Mechanistic Thinking
also Thinking in Terms of Mechanisms · Thinking in Terms of Error Correction
Analyzing a situation by identifying the concrete tools, processes, or systems that catch a specific class of error, rather than relying on vague aspirations to do well.
Mechanistic thinking is the habit of asking which specific mechanism catches a given error instead of merely hoping things go well. CF treats it as the applied, concrete face of error correction: an abstract slogan like “fix your mistakes” does little until you can point to the actual device, step, or rule that detects and removes a particular failure.
CF teaches it as a practiceable skill with ordered steps.

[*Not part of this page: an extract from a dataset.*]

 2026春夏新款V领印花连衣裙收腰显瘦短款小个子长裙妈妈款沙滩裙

First identify the goal; an error just means failure at that goal, so the goal fixes what success and failure look like. Then brainstorm the relevant context and goal details, then the potential errors, and finally the error-correction mechanisms in play. Temple uses everyday clips to drill this: painter’s tape that lifts off stray paint to fix line-placement errors, a rigid pole acting as a compass for precise arcs, overlapping epoxy strokes that prevent missed spots, spiked shoes against slipping. Each is a designed mechanism aimed at a definite error class.

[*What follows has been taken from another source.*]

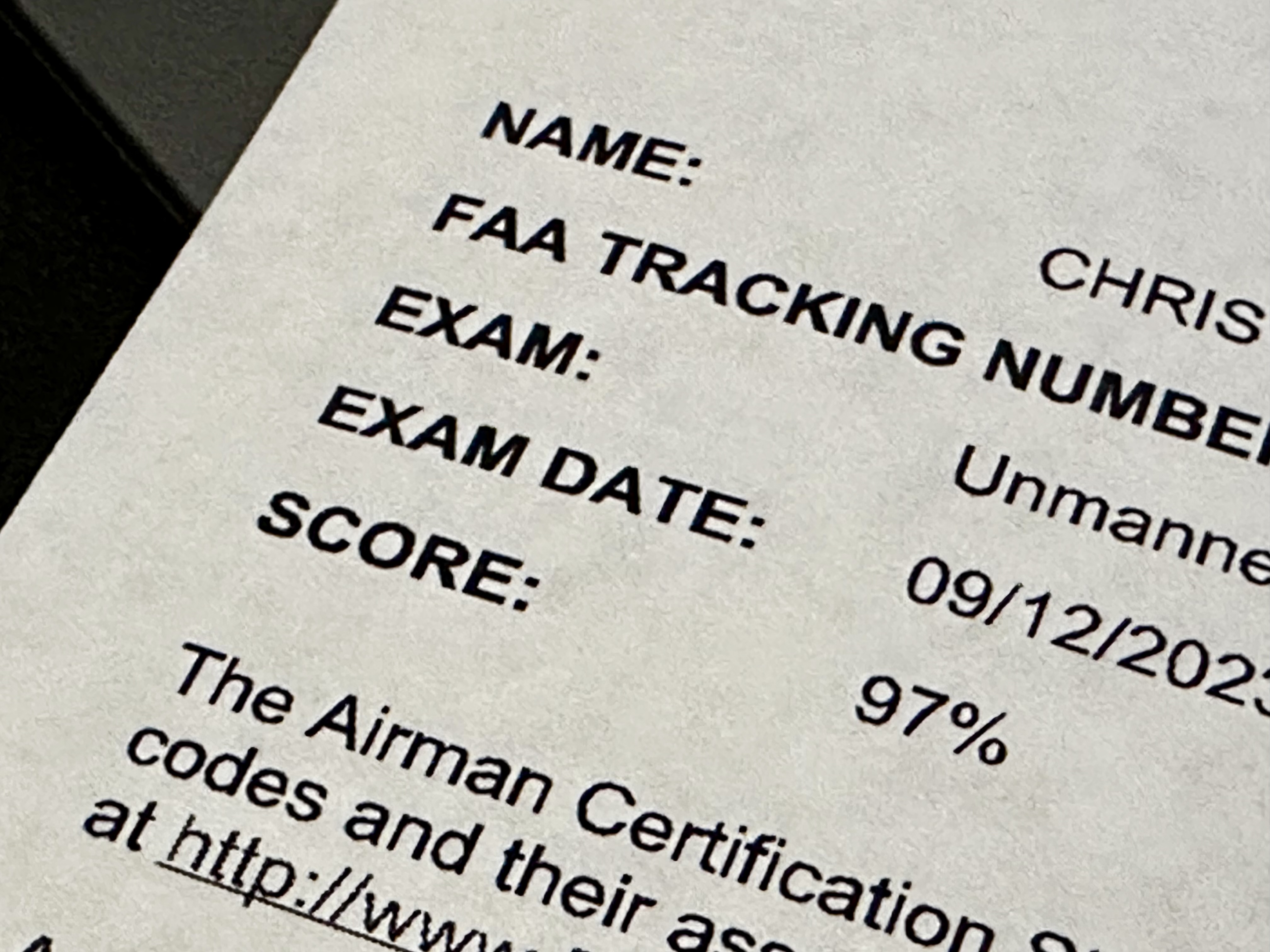 After 3 weeks of studying hard nearly every day, I went to my local testing center to take the FAA Part 107 test to become a commercial UAS pilot. About 80 minutes later I got my score and was shocked and elated to see that I got 97%.

A key move is reasoning by absence: imagine a tool or step removed, and the error it was suppressing becomes visible. The discipline also detects missing or inadequate correction. A trimmer swung from a flexible rope under a helicopter has too many degrees of freedom and no good mechanism to stop it hitting power lines, so the right judgment is that error correction is lacking.
Mechanistic thinking sharpens the search through the solution space and helps distinguish systemic from non-systemic errors: a mechanism that structurally prevents a whole error class beats one-off vigilance. It opposes wishful, aspiration-only thinking that names good outcomes without specifying how they are secured.